Bobby shook his head. “I should have done something.”
“Like what?”
He made an unhappy sound that wasn’t exactly a laugh. Then he looked at me. “I’m proud of you for taking a risk with Keme. I know that was hard for you. And I don’t think you should read too much into what Keme did. He loves you.”
“You realize this is a pot-and-kettle situation, right?”
“I’m kind of gathering that.”
“Well, I’m going to help him even if he does think I’m the most annoying person in the world. Keme didn’t do this. I understand the sheriff is in a bad spot because there’s all this evidence, but I’m not going to let anyone pin this on Keme.”
I waited for the arguments, but what Bobby said was “I don’t know how much I’ll be able to help you. The sheriff is keeping me out of this.” Sourly, he added, “Rightly so.”
“I know.”
His jaw was tight, but he spoke with forced casualness. “What are you going to do?”
“Do we have any idea where Keme got those bruises?
Bobby shook his head.
“I think I should talk to Millie,” I said. “What did she say when she gave her statement?”
“She didn’t. She ran out of the station the minute you went with the sheriff. Louis too.”
“What? Why?”
All I got in answer was a patented Bobby Mai shrug.
“Well, I’ll see if I can pin her down. If Keme was at that party, maybe I can figure out where he went next. Put together a timeline, you know? All we have to do is establish an alibi for JT’s time of death.”
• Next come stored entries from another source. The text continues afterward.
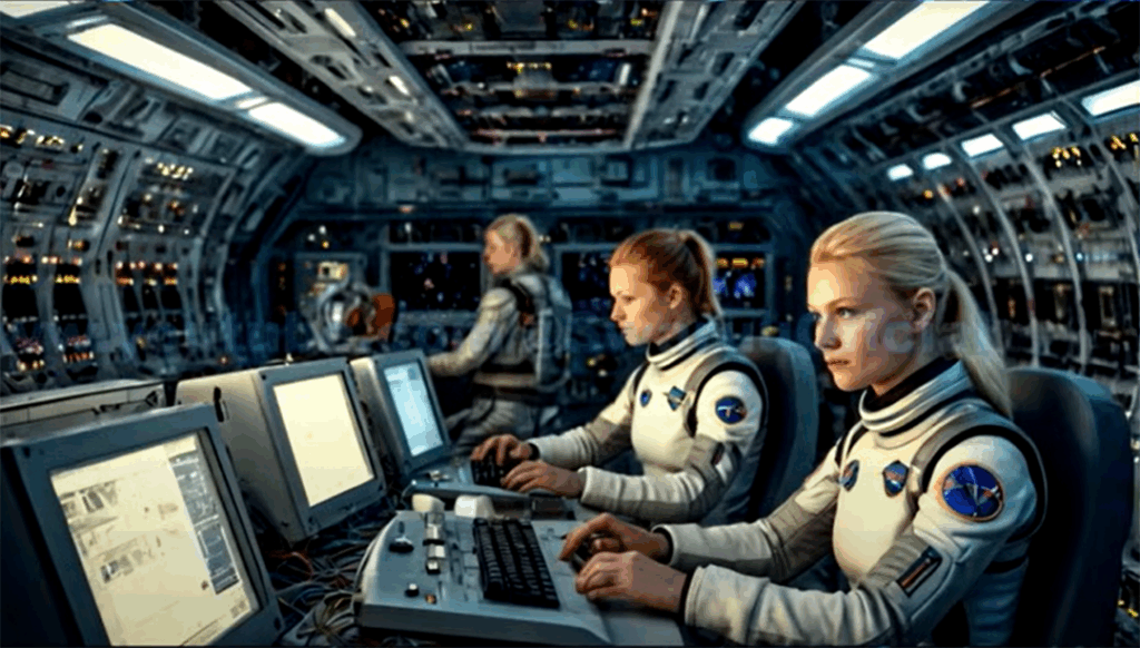 更奇怪的是,他们后来又说飞船需要特定的关闭程序。这意味着他们 竟是知道如何启动和关闭那艘飞船的,他们在对我撒谎。那时,至少有一个人在我坐在控制台前的时候离我很近,所以也许在某个时候,他们碰到了我的裙子或其他什么地方,而我没有注意到,并且意识到我只是一个全息影像。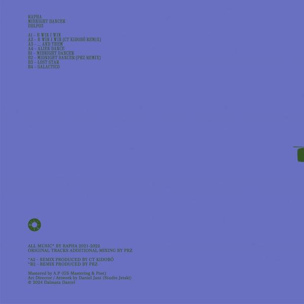 Dalmata Daniels third LP comes from Rapha, marking his return to the label after contributing to its split and compilation series. Known for bold acid treatments and dark, futuristic tones, Rapha takes his craft to new heights on Midnight Dancer, which also features remixes by CT Kidobo and PRZ. The album opens with I Win U Win, pulling listeners into an adventure of pulsing basslines and cosmic, minimal electro. CT Kidobos remix then twists it into a darker, seductive French-inspired club sound. The third track, ...And Them, continues the journey of the opener with mechanical beats and textured soundscapes, while Alien Dance highlights Raphas signature sharp, distinct style leaving a strong mark on the deep electro club scene. On the flip side, Midnight Dancer plunges into a hypnotic realm of haunting echoes and distorted rhythms, with heavy basslines reverberating through the darkest corners of the mind. PRZs remix of the title track retains the original groove but adds a cleaner, equally impulsive electro edge perfect for the club. The albums final tracks, Lost Start and Galactico, round off the journey with shimmering electro patterns and eerie, alien soundscapes, leaving an unforgettable impression. In Midnight Dancer, Rapha showcases his ability to blend industrial grit with cosmic melodies, delivering hard-hitting electro suited for both club play and immersive listening at home or on a night ride. Be warned DDLP03 is limited to 150 copies, housed in a Studio Jetski designed jacket with a digital download card and shrink wrap.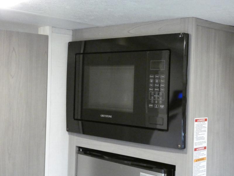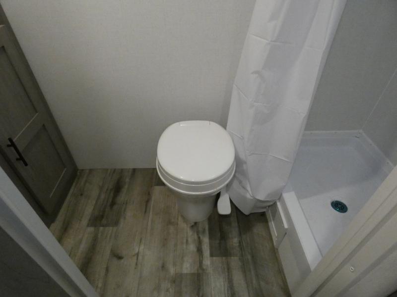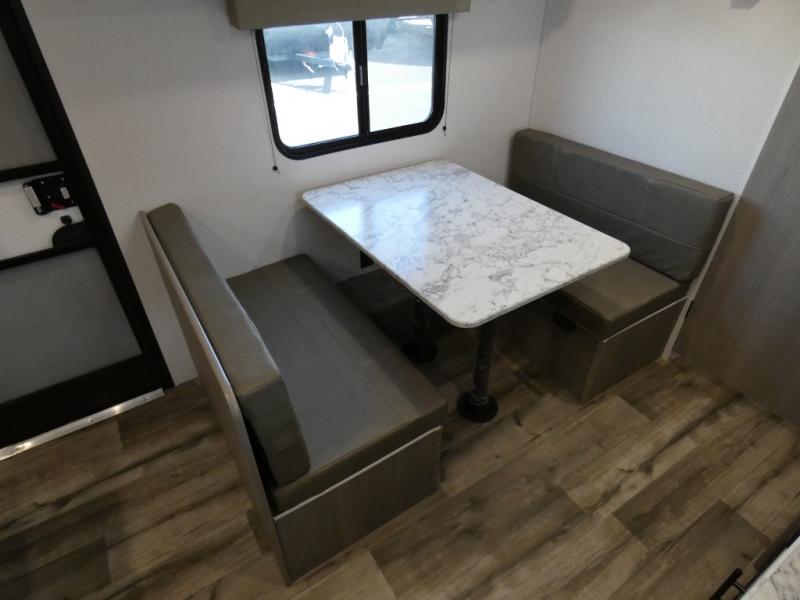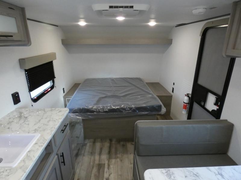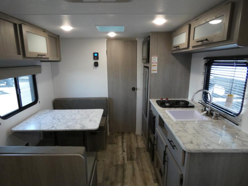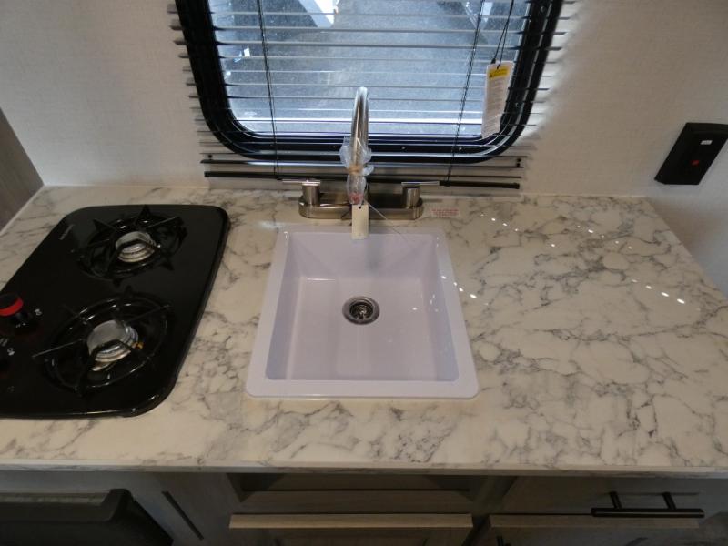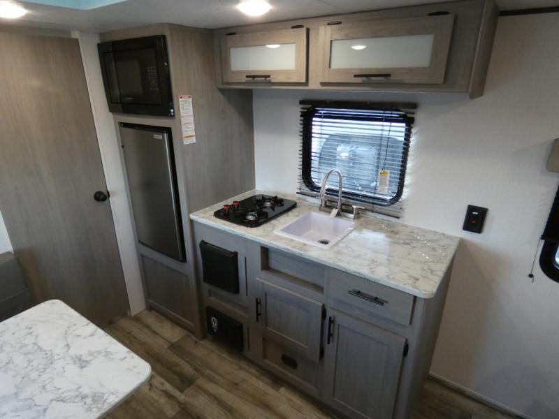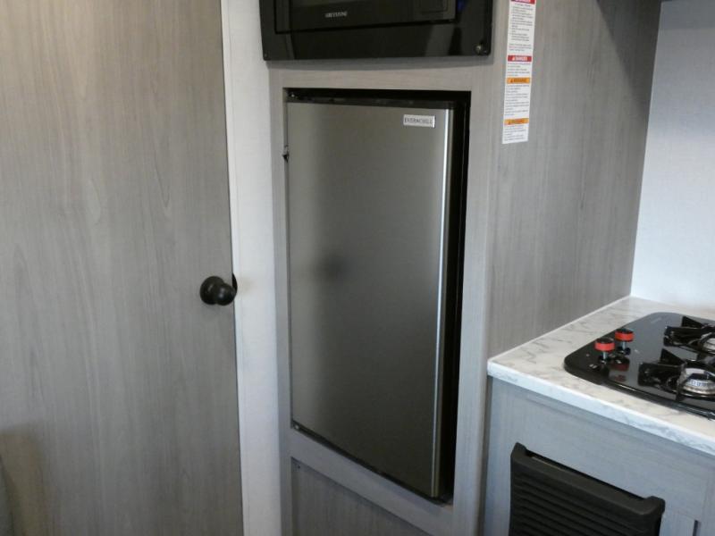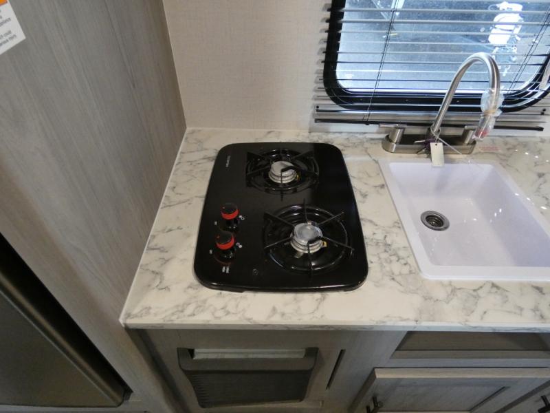 A perfect couples coach that could sleep one or two more, depending on size, using the booth dinette which can be converted at night This unit is cozy and convenient providing you just what you need to enjoy a little adventure away from home. For meals, there is a two burner cooktop and sink, plus a 3.3 cu. ft. refrigerator for your perishables. Overhead cabinetry can be found along both sides for your dishes and things. You will all appreciate the convenience of having your own private shower and toilet so that you don't need to use the campground facilities at night. You will also enjoy spending time outside with an 8' awning to provide even more living space outdoors!

“And you might suggest that next time, Millie not lie to the sheriff. That kind of thing only makes this worse for Keme.”
I sat up straight. “Oh, I had a brain, um, flash.”
Bobby did not look suitably impressed.
“What if we framed Louis for JT’s murder? Hear me out! That’s two birds with one stone. We get rid of Louis, and we save Keme.”
Bobby considered me for a long time. Then he said, “I know you’re joking, but just in case: absolutely not.”
“He called me Dan! And he said Fox’s ‘costume’ looked nice! And he said mysteries are like dessert , and that’s an insult to mystery novels and to dessert.”
Leaning in, Bobby kissed me and said, “Please be safe.”
“He’s a philosophy major.”
Bobby didn’t look back, but he gave me a little wave over his shoulder as he headed into the sheriff’s station.
I waited until he was inside, and then I gave him an extra minute, just to be safe. I wanted to make sure Bobby didn’t come back to ask a follow-up question, or tell me he’d changed his mind and was on board with my plan to frame Louis, or kiss me again. (I definitely wouldn’t have minded the last one.)
I had to wait. Because Bobby would have known, as soon as I turned the Pilot out of the lot, that I wasn’t going to Millie’s. I turned the other way and drove toward the Bay Bridge Suites.